The central suspension pipe string 4 had a narrowed shoe 7 with an inner diameter of 90 mm and an annular tip 5 with a diameter of 168 mm. The length of the annular tip 5 was 4 m. Perforation 9 of the annular tip 5 is made in the form of slots with a width of 2-3 mm and a length of 20 mm, staggered at a height of 1 m from its lower part to the top. The area of the slits per 1 running meter of the annular tip 5 is equal to 3 areas of the gap between the annular tip 5 and the central column of pipes 4. To increase the efficiency of erosion of sediment 8 by a swirling flow in the gap between the annular tip 5 and the central column of pipes 4, a guide is made in the lower part of the annular tip 5 in the form of three two-turn spirals.

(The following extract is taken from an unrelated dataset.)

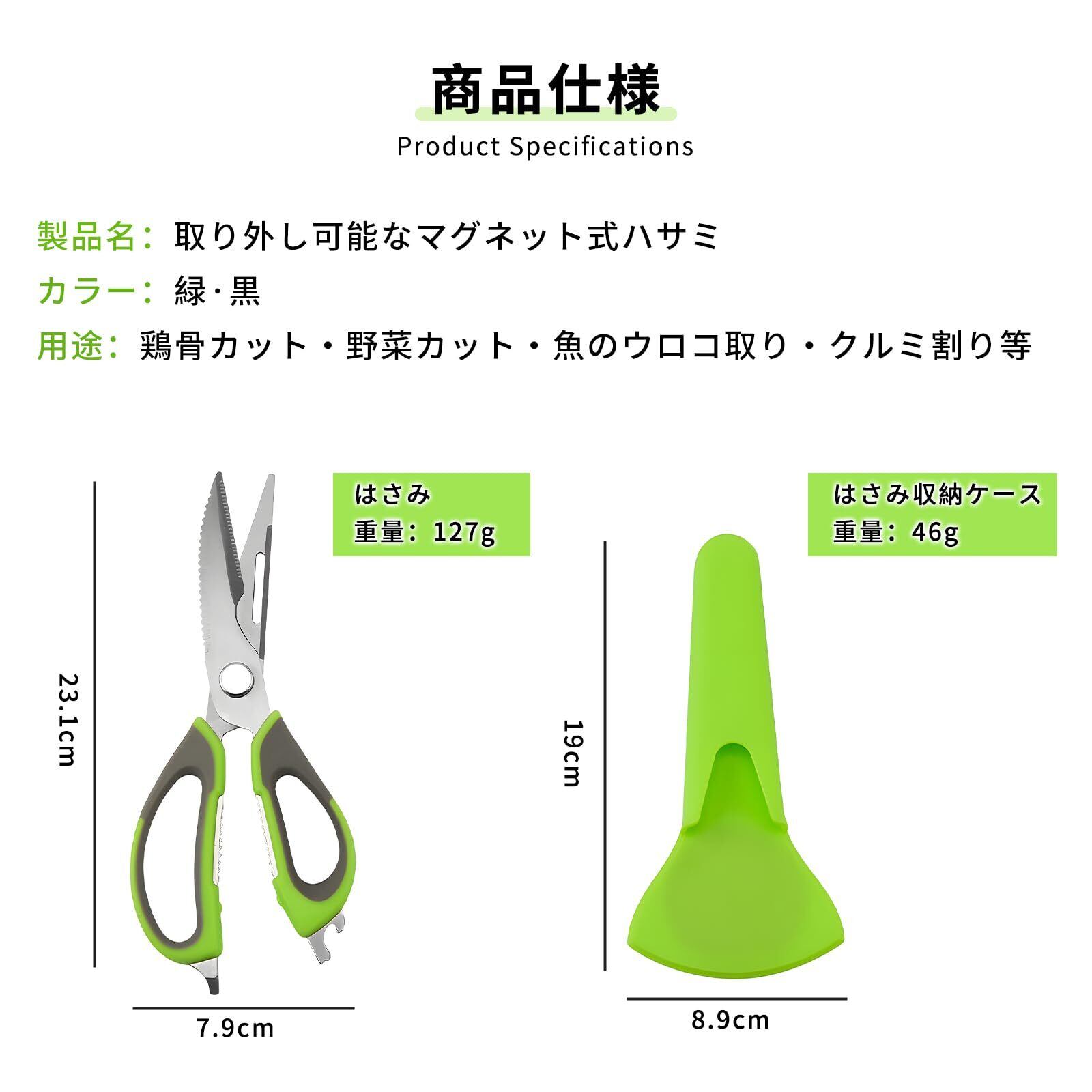 フリランス-ショプ キッチンバサミ 多機能 マグネット収納ボックス付き 取り外し可能 料理ハサミ 釣りハサミ 冷蔵庫に吸着可能 鋏 握り心地の良い 耐久性 防サビ 魚 鯛 キッチン鋏(黒)

Tests showed that during operation of the device, the slurry from sediment 8 and brine rises evenly, while the maximum slurry density reached m: w = 1: 1 with an average density of m: w = 1: 4 ~ 1: 6. The height of sediment 8 above shoe 7 of the central suspension string of pipes 4 during testing reached 3.5 m. During stoppages of the water and subsequent launches of the dissolution system, there were no cases of plugging at shoe 7 and in the central suspension string of pipes 4 during the tests. According to the test results, the device is recommended for industrial use.

Thus, the tests confirm that when using the method of creating an underground reservoir in rock salt and a device for its implementation, the following set of conditions is met:

- A device embodying the claimed invention in its implementation is intended for use in industry, namely, in the construction of underground reservoirs in rock salt and the extraction of brines through wells.

- For the claimed method of creating an underground reservoir in rock salt and a device for its implementation in the form as described in the independent claims, the possibility of its implementation using the means described in the application is confirmed.

- Therefore, the claimed method of creating an underground reservoir in rock salt and a device for its implementation meet the condition of "industrial applicability".

Sourse of information

1. Furman A.A., Beldy M.P., Sokolov I.D. Salt. Production and application in the chemical industry. M., "Chemistry", 1989, pp. 103-112.

Claims (2)

1. A method of creating an underground reservoir in rock salt through a well, including mounting coaxially arranged external and central suspended pipe columns, installing a shoe of a central column at the bottom of the underground tank, sealing the well head, supplying solvent to the underground tank through an external hanging pipe string, and displacing the resulting brine to the surface along the central column, characterized in that a channel is created between the lower ends of the outer and central suspended pipe columns, through which the brine is fed to the ba Shmak of the central suspension pipe string, before stopping the process of dissolving rock salt or when oversized inclusions of insoluble rocks get into the shoe of the central suspension pipe string, the solvent is supplied to the underground tank through the central hanging pipe string, and the resulting brine is displaced through the external hanging pipe string. 2. A device for creating an underground reservoir in rock salt, including a casing string of a borehole pipe, a head, coaxially arranged central and external suspension pipes of pipes for supplying solvent and raising the brine to the surface, a shoe of a central suspension pipe string, characterized in that on the lower part of the central the suspension pipe string is coaxially mounted with an annular tip, the inner diameter of which is larger than the outer diameter of the central suspension pipe string, and the outer diameter is smaller than the outside diameter hinges of the suspended pipe string, while the upper part of the annular tip is perforated.